### The task
Reproduce the complete set of records exactly. No picture is to appear in the copy.

### Exercise data

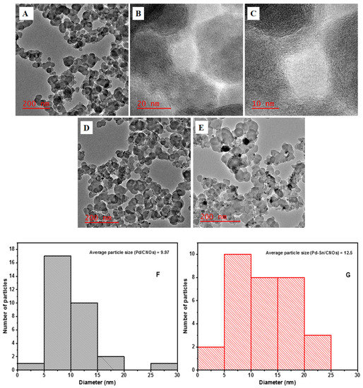 HR-TEM images of carbon nano-onion supports with different magnifications (A–C), Pd/CNO electro-catalysts, (D) and Pd-Sn/CNO electro-catalysts (E); average particle size of Pd NPs in Pd/CNOs (F) and Pd-Sn/CNOs (G).
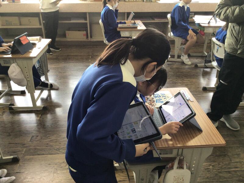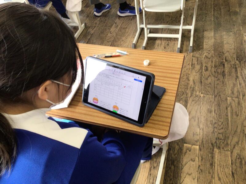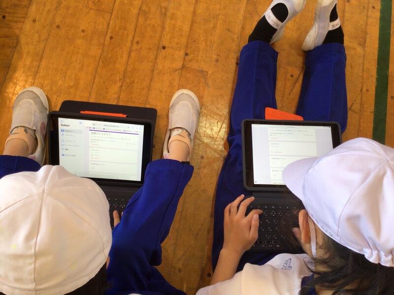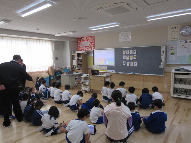 金谷川小学校でも授業をしてくれるジェシー先生がいらっしゃいました。タブレットを使ったクイズ等に答えながら、みんなで一緒に英語学習を楽しみました。
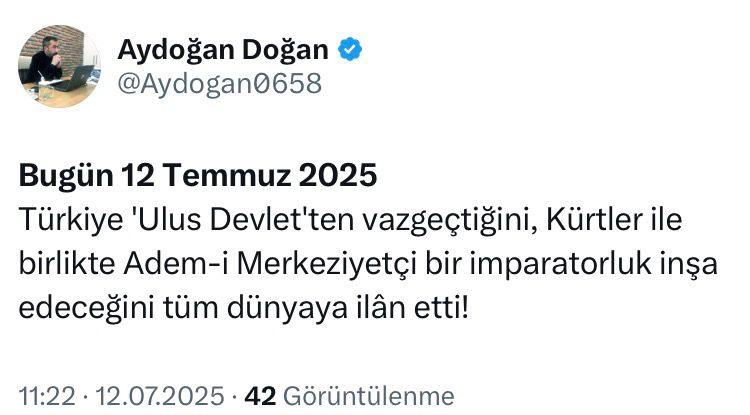 İnsan hakları aktivisti ve siyasetçi Aydoğan Doğan Cumhurbaşkanı Recep Tayyip Erdoğan'ın açiklamaları sonrası X hesabından yaptığı paylaşımda ULUS DEVLET'in an itibariyle bittiğini ve Türkiye'nin Adem-i Merkeziyetçi bir imparatorluk modelini tüm dünyaya ilan ettiğini yazdı. Doğan ; '' Devlet siyasetçilere ve topluma yeni bir görev yeni bir hedef verdi. Yeni bir imparatorluk inşası hedefi. Siyasetçiler bu görevi kabul edecek etmeyenler yok olacak, toplum da buna ikna olacak! Bugün yeni bir dönemin başlangıcıdır. Özellikle Kürt ve Arap vurgusu ile Batı'ya, Sykes Picot'a , Lozan'a da cesurca ve resmi olarak bir meydan okuma yapılmıştır"
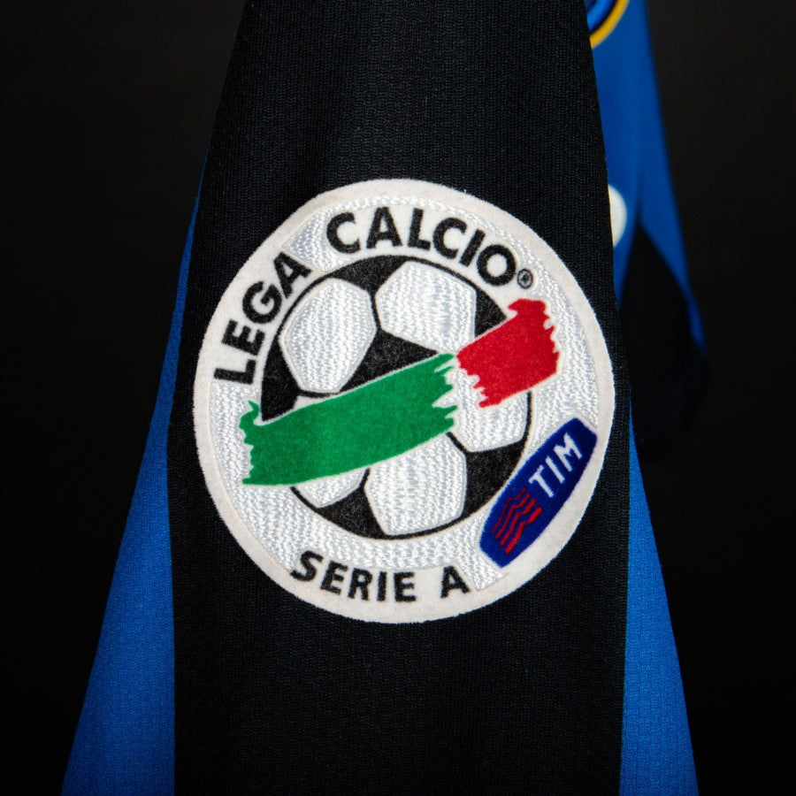 La divisa è a maniche corte a strisce verticali nerazzurre. Centrale abbiamo lo scudetto ricamato, sulla sinistra Stemma Inter e lato opposto quello della Nike. Sulle maniche Coccarda Coppa Italia e Toppa Lega Calcio Serie A.
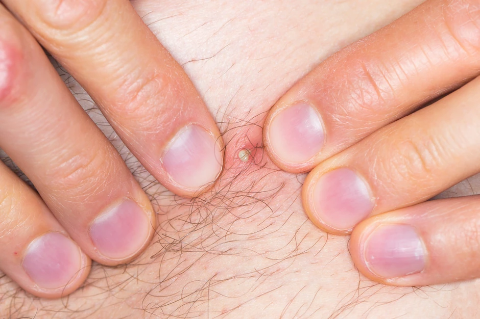 - Pilonidalna cista: Mali džep u koži koji nastaje kada dlaka probije kožu i postane urasla. Uglavnom se javlja na samom vrhu pregiba zadnjice (trtična regija).
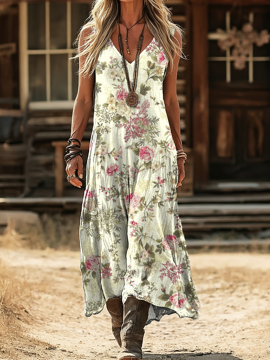 Women's Bohemian Floral Print Artistic Sleeveless V-neck Dress With Pockets
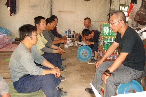 ? ? 李新勝?gòu)?qiáng)調(diào),化探野外工作要按照布設(shè)點(diǎn)要求嚴(yán)格取樣,做好標(biāo)記,并保存好近、中、遠(yuǎn)景取樣的圖片資料,保留GPS航跡;加強(qiáng)資料的綜合研究,做好鉆孔資料的設(shè)計(jì)圖。加強(qiáng)高原地區(qū)安全防護(hù)工作,確保生產(chǎn)生活安全。在惡劣的工作環(huán)境下和地質(zhì)條件下,全體項(xiàng)目人員要發(fā)揚(yáng)艱苦奮斗的精神,特別是共產(chǎn)黨員要以“四我”要求為動(dòng)力,堅(jiān)定戰(zhàn)勝困難和完成任務(wù)的信心,做好表率;項(xiàng)目全體人員要不畏險(xiǎn)阻,團(tuán)結(jié)一心,為圓滿完成項(xiàng)目各項(xiàng)任務(wù)努力工作。
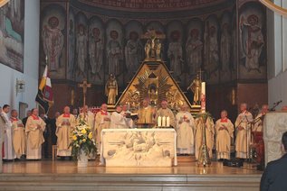 Als Thema stand über der Eucharistiefeier der Spruch des Heiligen Johannes Paul II. „Christus: Quelle der Hoffnung für Europa“. Dies nahm auch Pfarrer Peter Zillich, der in der Diözese Regensburg wirkende Vertriebenenseelsorger, in seiner Begrüßung auf. „Nur das bringt Frucht, was auf dem Acker der Versöhnung wächst. Dass wir heute so viele Völker und so viele Nationen darstellen, das ist auch ein Zeichen, dass wir eins sind in Jesus Christus, dass unsere Zukunft auch auf diesem versöhnten Acker weiter wächst“, so Pfarrer Zillich.
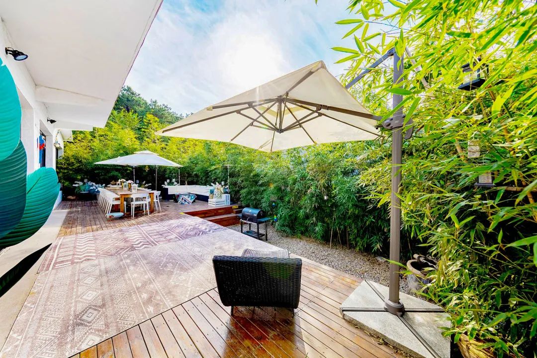 民宿的花园内翠竹遍布,园内分布有小池塘、流水景观、小径汀步和各式花丛景观,景色四季变换,宾客可在春夏秋季赏花,冬季观翠竹银雪。
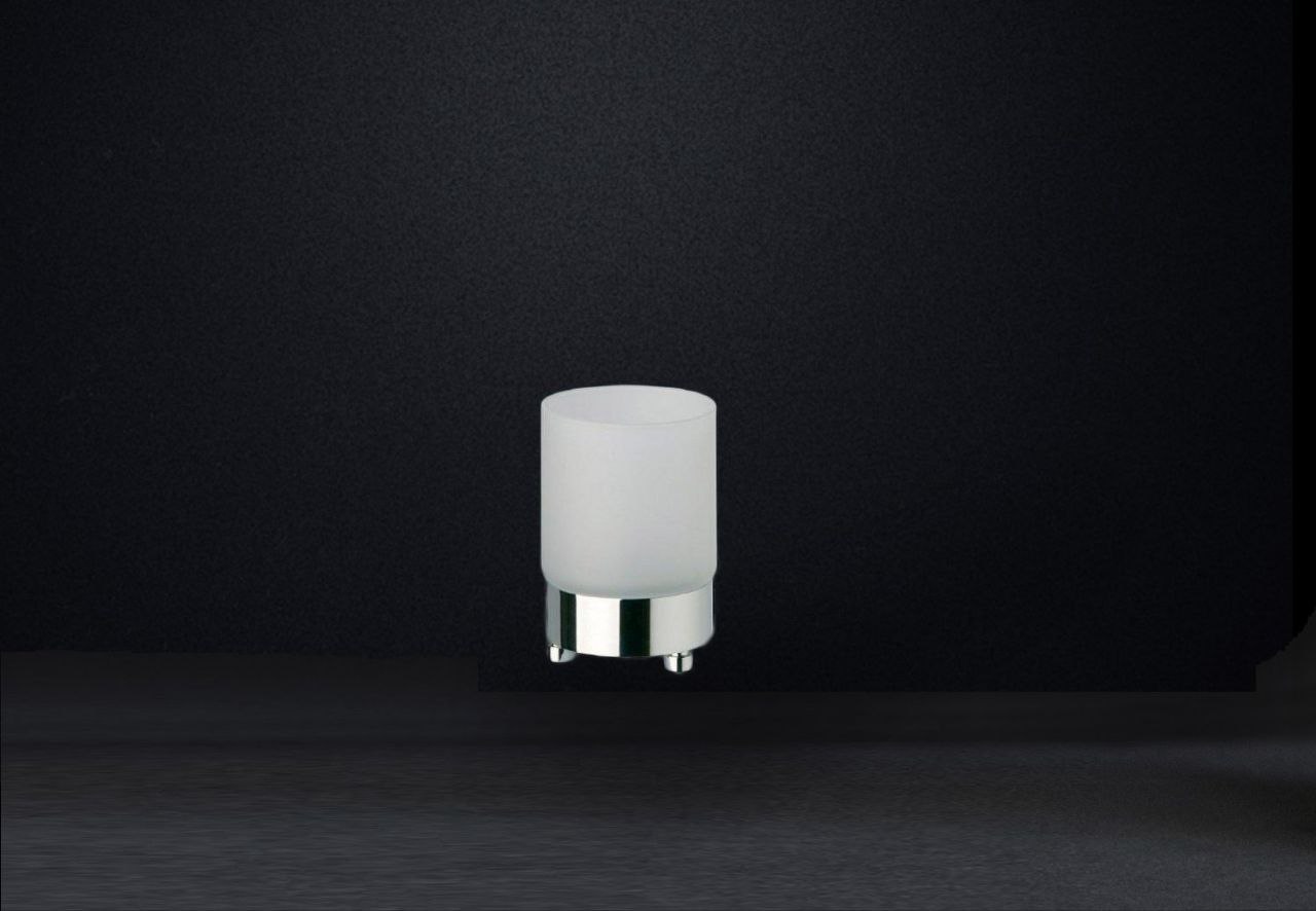 Stylish frosted glass tumbler on a solid brass base finished in chrome, rustic brushed brass or satin and nickel.
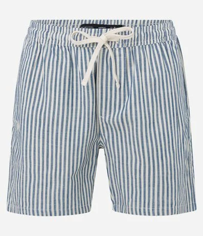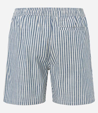 Ref: Bermuda masculina em sarja de algodão certificado bci confeccionada em boas praticas ambientais, produto com cós elástico, amarração, estampa listrada e bolsos.
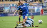 Gelandang Persib Bandung Marc Klok (kiri) berebut bola dengan bek PSIS Semarang Delfin Rumbino (kanan) saat pertandingan BRI Liga 1 di Stadion Gelora Bandung Lautan Api, Bandung, Jawa Barat, Sabtu (13/8/2022). (FOTO : ANTARA/Raisan Al Farisi)
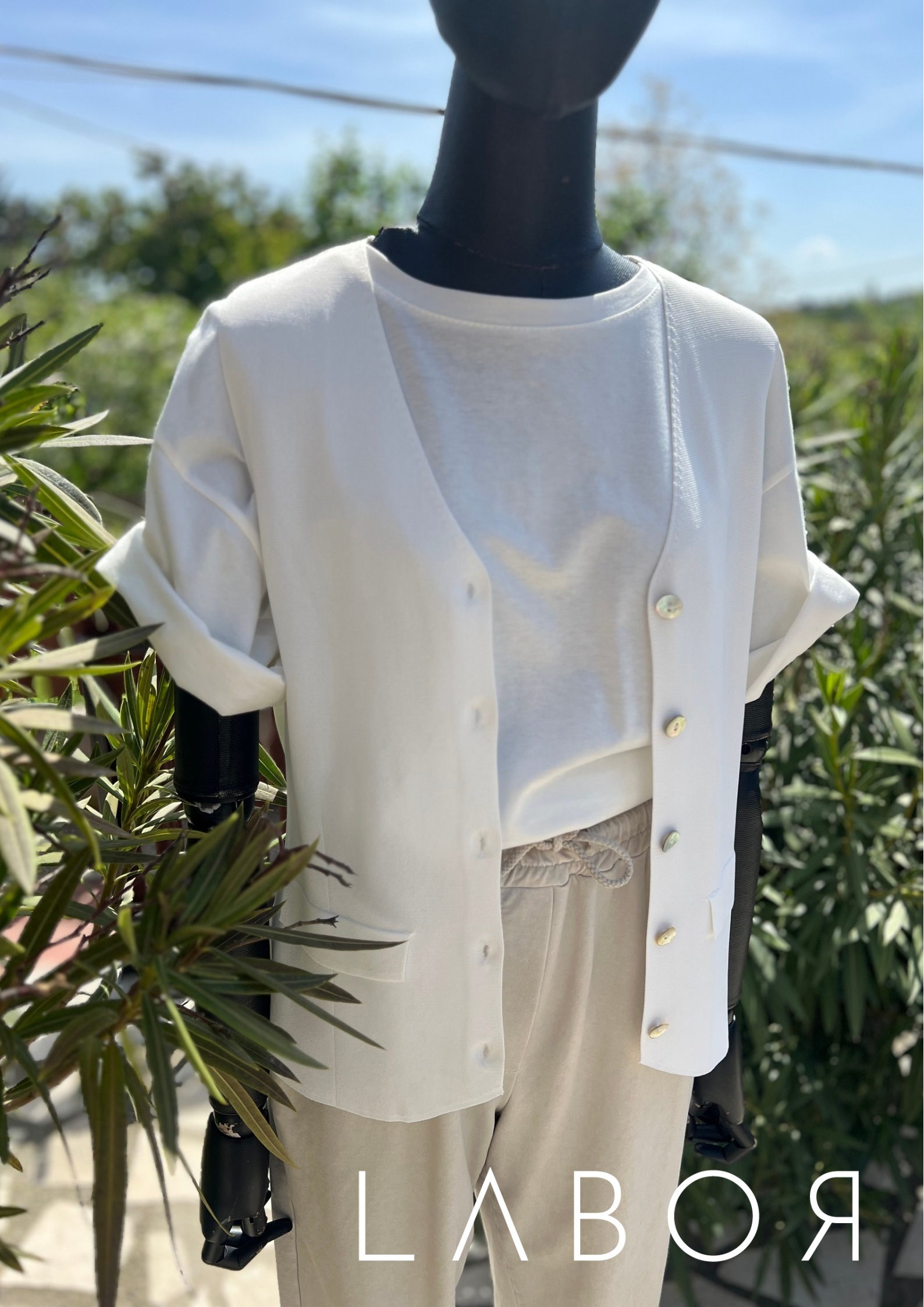 Könnyű anyagú végig gombos mellény. Melegebb napokon önmagában vagy egy pólóval, inggel ajánljuk.
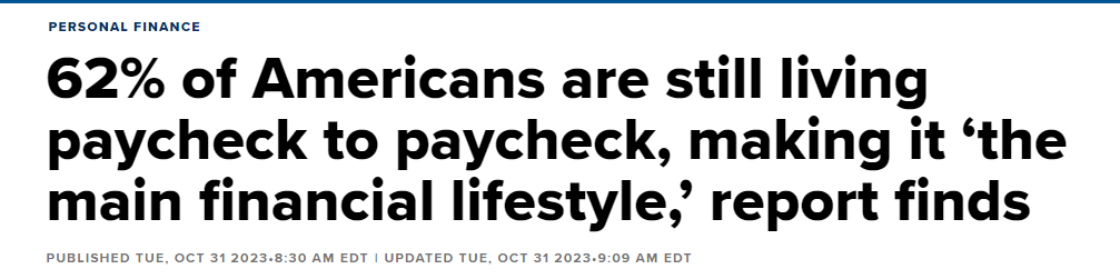 CNBC的報道稱,高通脹和高利率繼續(xù)給美國家庭造成壓力。根據美國借貸平臺“借貸俱樂部”(LendingClub)發(fā)布的報告,“‘月光’目前仍是美國消費者的主要財務生活方式”,截至2023年9月,有62%的美國成年人表示自己需要依賴工資過活。
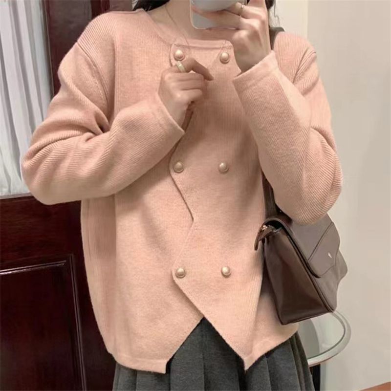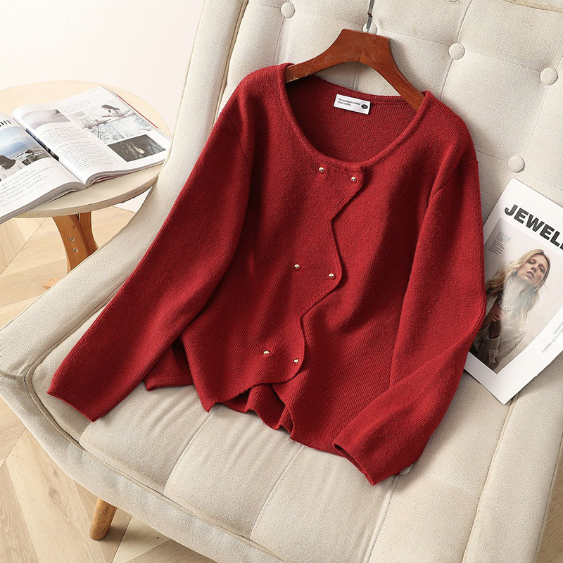 새해 붉은 전쟁 가운 스웨터 패션 플러스 사이즈 통통한 단색 샤넬 니트 카디건 더블 브레스트 봄과 가을 탑

### Result of this exercise
 HR-TEM images of carbon nano-onion supports with different magnifications (A–C), Pd/CNO electro-catalysts, (D) and Pd-Sn/CNO electro-catalysts (E); average particle size of Pd NPs in Pd/CNOs (F) and Pd-Sn/CNOs (G).
 金谷川小学校でも授業をしてくれるジェシー先生がいらっしゃいました。タブレットを使ったクイズ等に答えながら、みんなで一緒に英語学習を楽しみました。
 İnsan hakları aktivisti ve siyasetçi Aydoğan Doğan Cumhurbaşkanı Recep Tayyip Erdoğan'ın açiklamaları sonrası X hesabından yaptığı paylaşımda ULUS DEVLET'in an itibariyle bittiğini ve Türkiye'nin Adem-i Merkeziyetçi bir imparatorluk modelini tüm dünyaya ilan ettiğini yazdı. Doğan ; '' Devlet siyasetçilere ve topluma yeni bir görev yeni bir hedef verdi. Yeni bir imparatorluk inşası hedefi. Siyasetçiler bu görevi kabul edecek etmeyenler yok olacak, toplum da buna ikna olacak! Bugün yeni bir dönemin başlangıcıdır. Özellikle Kürt ve Arap vurgusu ile Batı'ya, Sykes Picot'a , Lozan'a da cesurca ve resmi olarak bir meydan okuma yapılmıştır"
 La divisa è a maniche corte a strisce verticali nerazzurre. Centrale abbiamo lo scudetto ricamato, sulla sinistra Stemma Inter e lato opposto quello della Nike. Sulle maniche Coccarda Coppa Italia e Toppa Lega Calcio Serie A.
 - Pilonidalna cista: Mali džep u koži koji nastaje kada dlaka probije kožu i postane urasla. Uglavnom se javlja na samom vrhu pregiba zadnjice (trtična regija).
 Women's Bohemian Floral Print Artistic Sleeveless V-neck Dress With Pockets
 ? ? 李新勝?gòu)?qiáng)調(diào),化探野外工作要按照布設(shè)點(diǎn)要求嚴(yán)格取樣,做好標(biāo)記,并保存好近、中、遠(yuǎn)景取樣的圖片資料,保留GPS航跡;加強(qiáng)資料的綜合研究,做好鉆孔資料的設(shè)計(jì)圖。加強(qiáng)高原地區(qū)安全防護(hù)工作,確保生產(chǎn)生活安全。在惡劣的工作環(huán)境下和地質(zhì)條件下,全體項(xiàng)目人員要發(fā)揚(yáng)艱苦奮斗的精神,特別是共產(chǎn)黨員要以“四我”要求為動(dòng)力,堅(jiān)定戰(zhàn)勝困難和完成任務(wù)的信心,做好表率;項(xiàng)目全體人員要不畏險(xiǎn)阻,團(tuán)結(jié)一心,為圓滿完成項(xiàng)目各項(xiàng)任務(wù)努力工作。
 Als Thema stand über der Eucharistiefeier der Spruch des Heiligen Johannes Paul II. „Christus: Quelle der Hoffnung für Europa“. Dies nahm auch Pfarrer Peter Zillich, der in der Diözese Regensburg wirkende Vertriebenenseelsorger, in seiner Begrüßung auf. „Nur das bringt Frucht, was auf dem Acker der Versöhnung wächst. Dass wir heute so viele Völker und so viele Nationen darstellen, das ist auch ein Zeichen, dass wir eins sind in Jesus Christus, dass unsere Zukunft auch auf diesem versöhnten Acker weiter wächst“, so Pfarrer Zillich.
 民宿的花园内翠竹遍布,园内分布有小池塘、流水景观、小径汀步和各式花丛景观,景色四季变换,宾客可在春夏秋季赏花,冬季观翠竹银雪。
 Stylish frosted glass tumbler on a solid brass base finished in chrome, rustic brushed brass or satin and nickel.
 Ref: Bermuda masculina em sarja de algodão certificado bci confeccionada em boas praticas ambientais, produto com cós elástico, amarração, estampa listrada e bolsos.
 Gelandang Persib Bandung Marc Klok (kiri) berebut bola dengan bek PSIS Semarang Delfin Rumbino (kanan) saat pertandingan BRI Liga 1 di Stadion Gelora Bandung Lautan Api, Bandung, Jawa Barat, Sabtu (13/8/2022). (FOTO : ANTARA/Raisan Al Farisi)
 Könnyű anyagú végig gombos mellény. Melegebb napokon önmagában vagy egy pólóval, inggel ajánljuk.
 CNBC的報道稱,高通脹和高利率繼續(xù)給美國家庭造成壓力。根據美國借貸平臺“借貸俱樂部”(LendingClub)發(fā)布的報告,“‘月光’目前仍是美國消費者的主要財務生活方式”,截至2023年9月,有62%的美國成年人表示自己需要依賴工資過活。
 새해 붉은 전쟁 가운 스웨터 패션 플러스 사이즈 통통한 단색 샤넬 니트 카디건 더블 브레스트 봄과 가을 탑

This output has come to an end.